Metallurgical test work completed to date on the oxide gold resource has
been limited. Preliminary test results indicate, however, that future
studies should be considered and performed in sufficient detail to
support an economic analysis. 

    Mining & Processing

    The proposed Project will utilize conventional open pit mining methods
and assumes a concentrator throughput of 120,000 tonnes per day (43.2
million tonnes per year) for an initial seven year period. In year eight,
production is forecast to increase to 180,000 tonnes of throughput per
day (64.8 million tonnes per year), with the addition of a third mill and
flotation line, for the remaining 21 years of the mine's life. The
increase in throughput corresponds with a decline in head grade as higher
grade supergene mineralization is replaced by lower grade primary
mineralization as the predominant material mined.

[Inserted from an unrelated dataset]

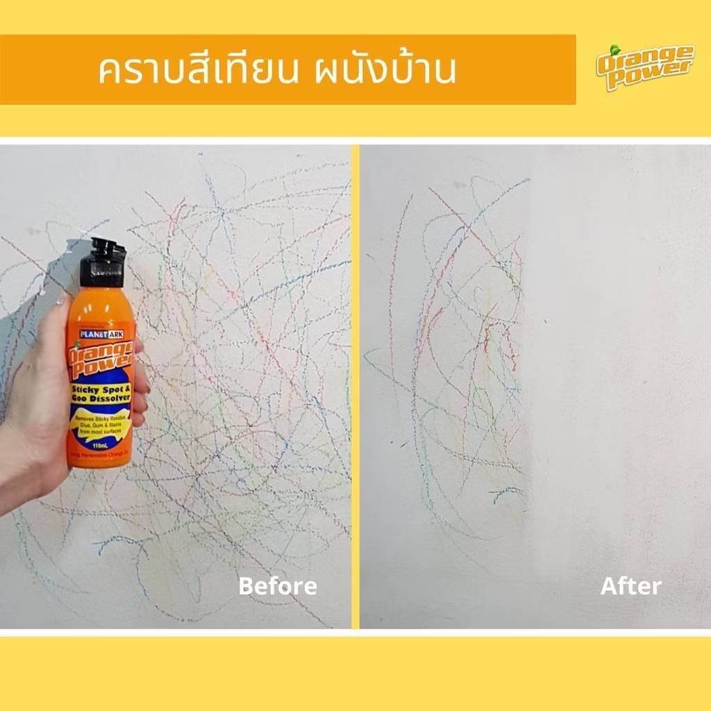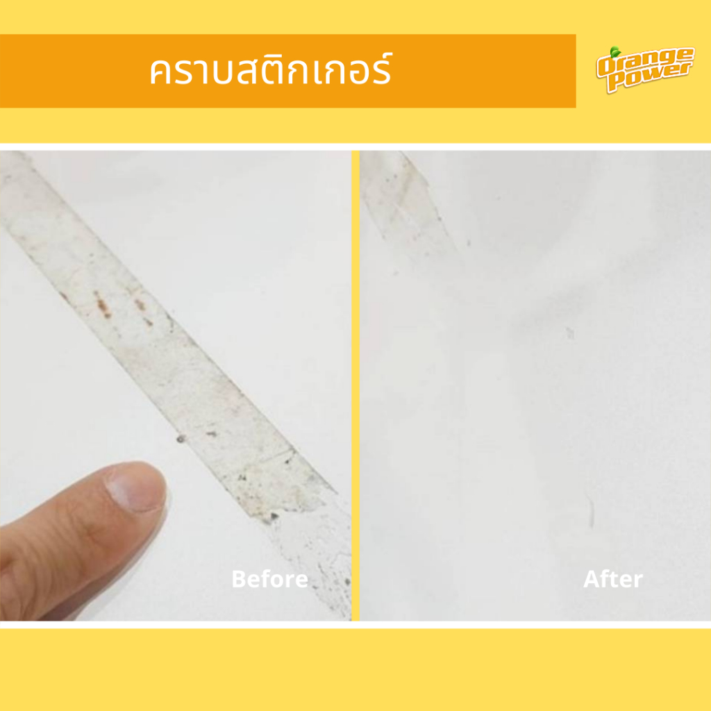 ผลิตภัณฑ์เช็ดและลบคราบเหนียวคราบกาวสติ๊กเกอร์ น้ำยาเช็ดและลบคราบกาวคราบสติ๊กเกอร์ Orange Power Sticky Spot

    Mineralized material will be trucked from the open pit to two primary
crushers located outside the pit before being conveyed to the coarse ore
stockpile ahead of two semi-autogenous grinding and ball mill lines
(three lines from year 8 onwards). Thereafter, material will be
concentrated using conventional copper and molybdenum flotation
technologies to produce a copper concentrate containing gold as a
by-product and molybdenum concentrate. Based on the metallurgical test
work completed to date, LOM metal recoveries are expected to be
approximately 90% for copper, 64% for gold and 57% for molybdenum. 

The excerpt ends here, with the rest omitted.